-- PROVIDED MATERIAL follows --
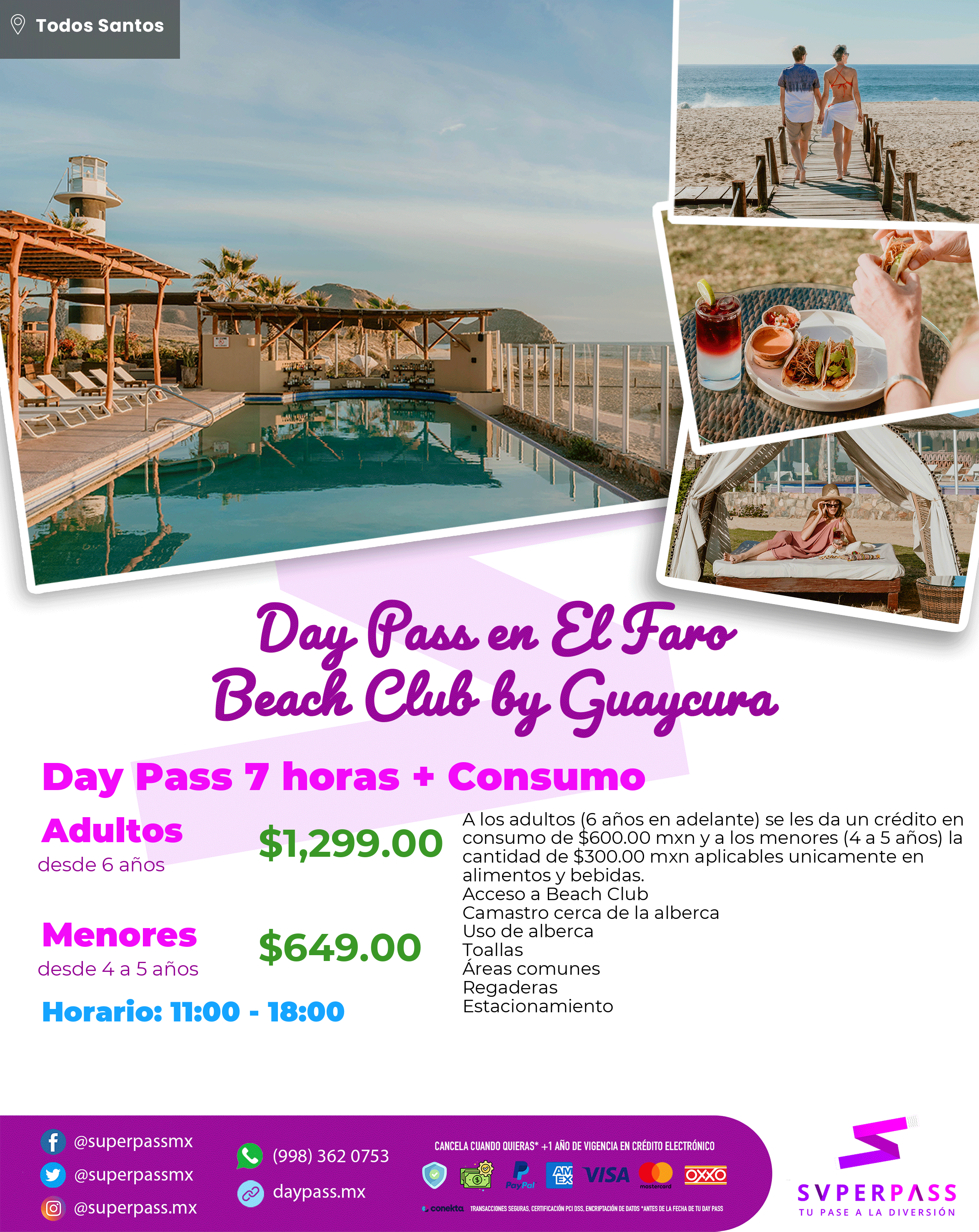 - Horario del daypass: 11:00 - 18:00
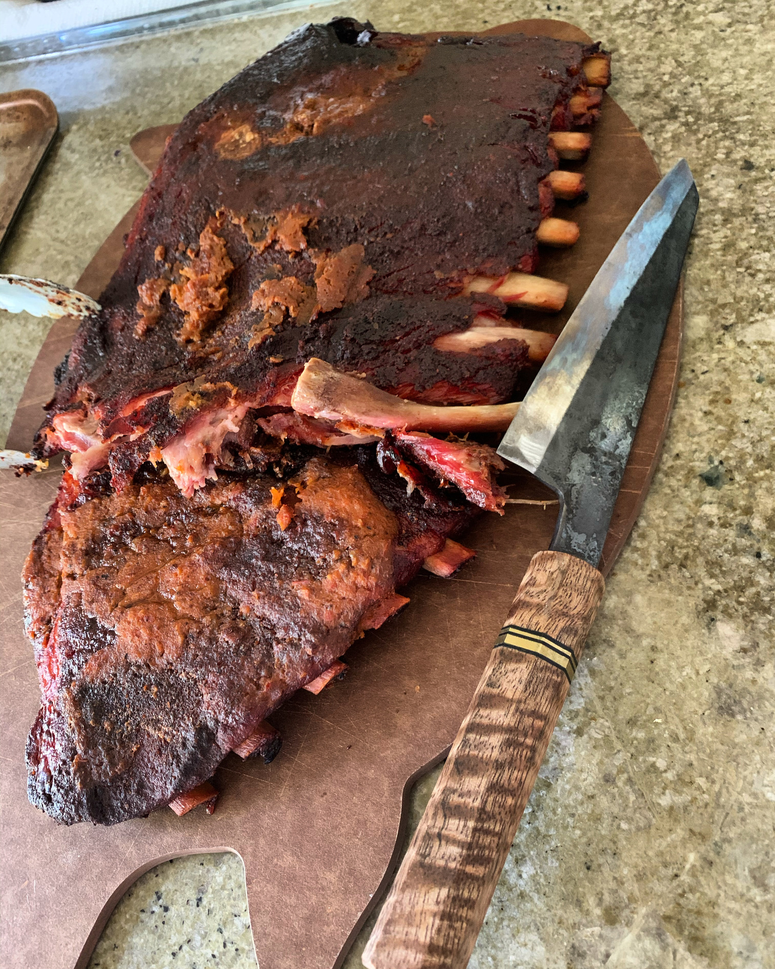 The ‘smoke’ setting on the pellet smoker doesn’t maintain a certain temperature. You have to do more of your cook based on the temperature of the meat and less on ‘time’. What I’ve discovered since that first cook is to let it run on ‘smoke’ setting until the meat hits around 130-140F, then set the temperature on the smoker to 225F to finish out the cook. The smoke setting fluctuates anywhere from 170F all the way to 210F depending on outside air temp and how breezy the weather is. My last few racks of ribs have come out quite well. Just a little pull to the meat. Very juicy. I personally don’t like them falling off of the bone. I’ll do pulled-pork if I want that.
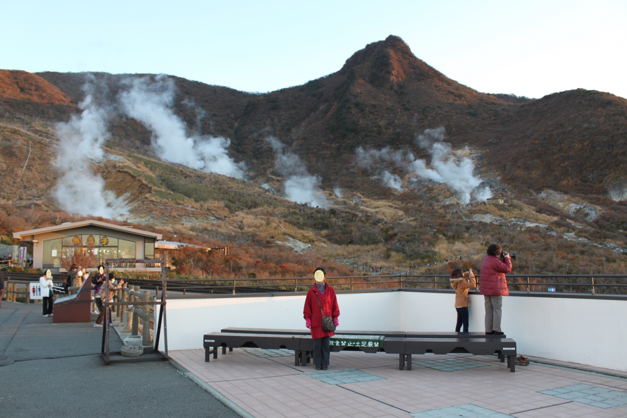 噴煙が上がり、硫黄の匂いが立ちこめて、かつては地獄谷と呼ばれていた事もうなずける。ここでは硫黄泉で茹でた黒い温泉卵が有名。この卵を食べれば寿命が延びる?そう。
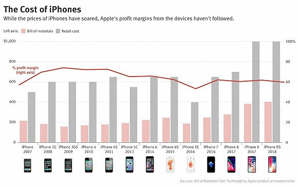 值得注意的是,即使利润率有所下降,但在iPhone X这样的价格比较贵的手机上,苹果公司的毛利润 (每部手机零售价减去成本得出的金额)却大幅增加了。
-- PROVIDED MATERIAL concluded --
→ WORK INSTRUCTIONS
Write out the full listing verbatim, excluding its pictures.

→ RESULT FOR THIS EXERCISE
 - Horario del daypass: 11:00 - 18:00
 The ‘smoke’ setting on the pellet smoker doesn’t maintain a certain temperature. You have to do more of your cook based on the temperature of the meat and less on ‘time’. What I’ve discovered since that first cook is to let it run on ‘smoke’ setting until the meat hits around 130-140F, then set the temperature on the smoker to 225F to finish out the cook. The smoke setting fluctuates anywhere from 170F all the way to 210F depending on outside air temp and how breezy the weather is. My last few racks of ribs have come out quite well. Just a little pull to the meat. Very juicy. I personally don’t like them falling off of the bone. I’ll do pulled-pork if I want that.
 噴煙が上がり、硫黄の匂いが立ちこめて、かつては地獄谷と呼ばれていた事もうなずける。ここでは硫黄泉で茹でた黒い温泉卵が有名。この卵を食べれば寿命が延びる?そう。
 值得注意的是,即使利润率有所下降,但在iPhone X这样的价格比较贵的手机上,苹果公司的毛利润 (每部手机零售价减去成本得出的金额)却大幅增加了。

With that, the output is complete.